Ahead of the PBR, the financial services industry called for full flexibility for providers developing these variable annuity products, which sit somewhere between an annuity and income drawdown.

IFAs (Independent Financial Advisers) argue the advent of third way annuities would increase choice for people reaching retirement.

Annuities offer safety but relatively poor returns, while income drawdown allows full flexibility over income but is a risky strategy in the current market environment.

“The Pre-Budget Report did not help at all the necessary research, design and product innovation that’s being cried out for,” says Nigel Callaghan, pensions analyst at Hargreaves Lansdown.

“We’re only a couple of years away from the introduction of personal accounts which is going to increase the number of people that will at some point be facing the decision of what to do with their pension pot.

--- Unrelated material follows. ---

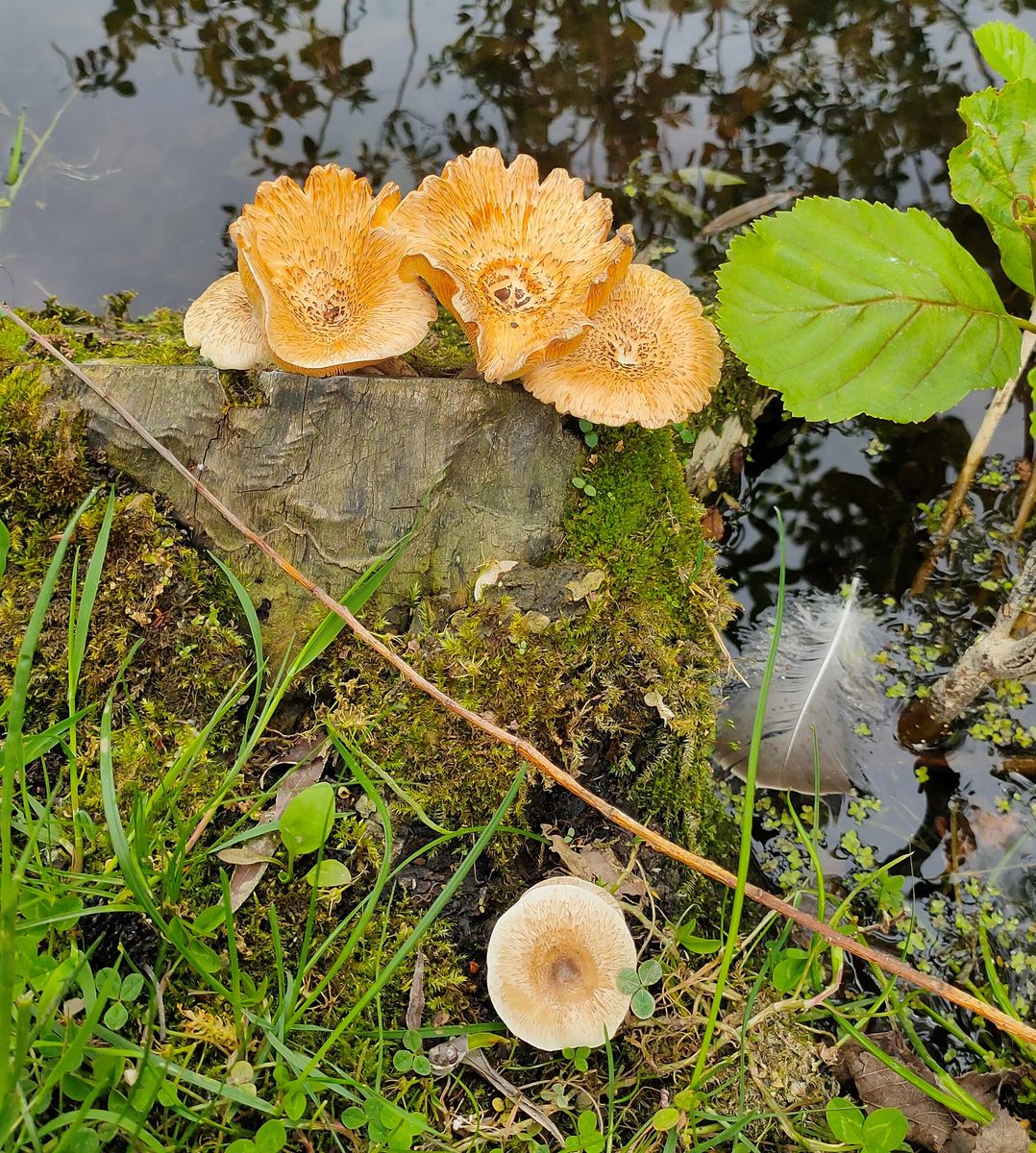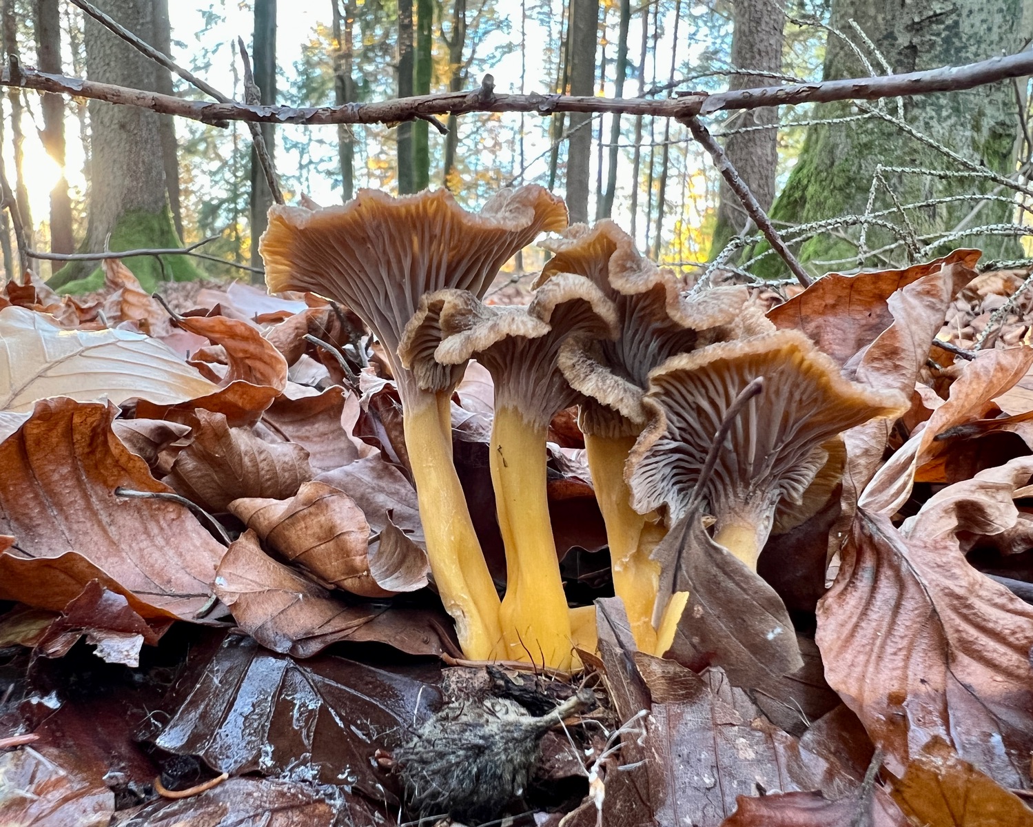 hier eine Gruppe Caloboletus radicans, Wurzelnder Bitterröhrling, in Fachkreisen auch WuBi genannt. Auffällig hier die roten Flecken an den Stielen, welche alle Funde in diesem Gebiet aufweisen.

The two options at the moment are in some ways keeping people stuck between a rock and a hard place.”

Third way annuities have gained massive traction in the US, in part due to tax breaks not currently available in the UK, and are said to account for 80% of the retirement market.

Lincoln, MetLife and the Hartford Group are among the providers to have transported products across the Atlantic, with more firms rumoured to be imminently joining the fray.

Andrew Tully, marketing technical manager at Standard Life, says the government’s decision will not necessarily stop providers from introducing these products to the UK market, but will not allow them the flexibility they could get in other countries.

“We will keep pushing for changes to go ahead so that we can offer them as flexibly as we’d like to,” he says.

“It’s very much a mass market product in America and we believe it could be a mass market product here too.”

Despite the set-back, IFAs agree third way annuities still have a place in future UK retirement provision, although cost is an issue.

Like any new product, third way contracts are expensive and when making use of the guarantees there remains a limit on the income pensioners can withdraw.

“I’m not sure [the PBR] has killed third way annuities but it has not done their sales prospects any good,” says Nigel Barlow, head of retirement income solutions at Just Retirement.

“They would appeal to cautious investors with fairly large funds and you may see more of those as DB schemes wind up.”

Callaghan adds: “A combination of the high price and the fact that it’s early days in terms of product innovation means the IFA market as a whole is waiting for things to develop and for the products to become a little leaner and meaner.”